_Work task_
Below this line is a listing that includes pictures. Copy exactly, and only, the lines from the one containing "Four heart charms" through the one containing "un solo superstite"; the pictures do not go in the copy.

_Records for processing_
- - - - -

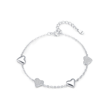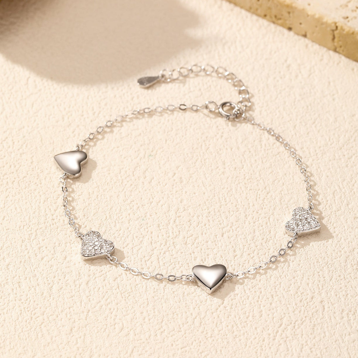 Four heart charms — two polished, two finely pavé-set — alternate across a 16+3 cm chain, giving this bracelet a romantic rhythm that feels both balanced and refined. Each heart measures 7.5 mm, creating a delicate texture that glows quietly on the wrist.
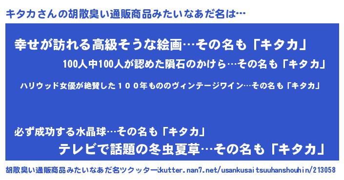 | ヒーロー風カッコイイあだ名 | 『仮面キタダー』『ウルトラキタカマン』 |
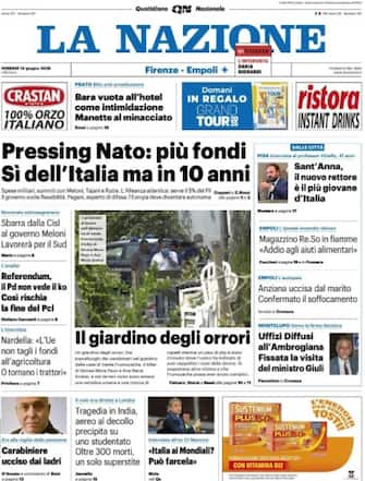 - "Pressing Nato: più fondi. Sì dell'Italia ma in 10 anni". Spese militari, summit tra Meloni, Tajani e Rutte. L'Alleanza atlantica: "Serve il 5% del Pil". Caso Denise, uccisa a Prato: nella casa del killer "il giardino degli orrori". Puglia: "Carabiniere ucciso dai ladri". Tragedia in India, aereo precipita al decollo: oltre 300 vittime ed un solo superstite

- - - - -

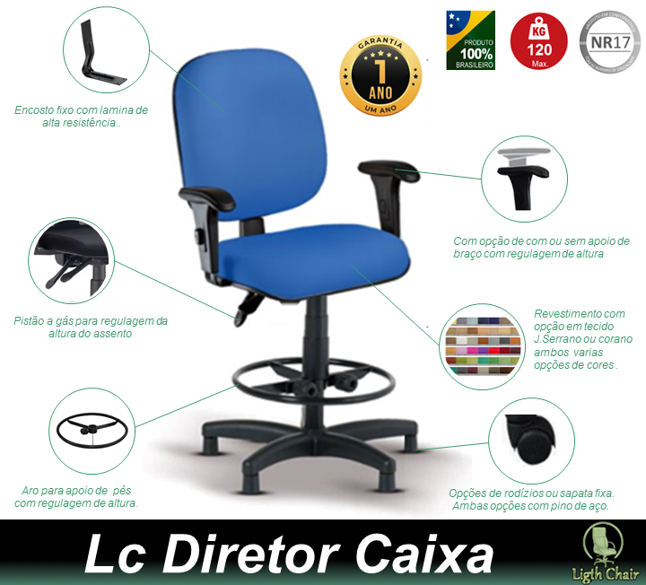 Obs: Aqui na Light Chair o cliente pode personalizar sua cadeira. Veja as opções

- - - - -

_Output for this task_
 Four heart charms — two polished, two finely pavé-set — alternate across a 16+3 cm chain, giving this bracelet a romantic rhythm that feels both balanced and refined. Each heart measures 7.5 mm, creating a delicate texture that glows quietly on the wrist.
 | ヒーロー風カッコイイあだ名 | 『仮面キタダー』『ウルトラキタカマン』 |
 - "Pressing Nato: più fondi. Sì dell'Italia ma in 10 anni". Spese militari, summit tra Meloni, Tajani e Rutte. L'Alleanza atlantica: "Serve il 5% del Pil". Caso Denise, uccisa a Prato: nella casa del killer "il giardino degli orrori". Puglia: "Carabiniere ucciso dai ladri". Tragedia in India, aereo precipita al decollo: oltre 300 vittime ed un solo superstite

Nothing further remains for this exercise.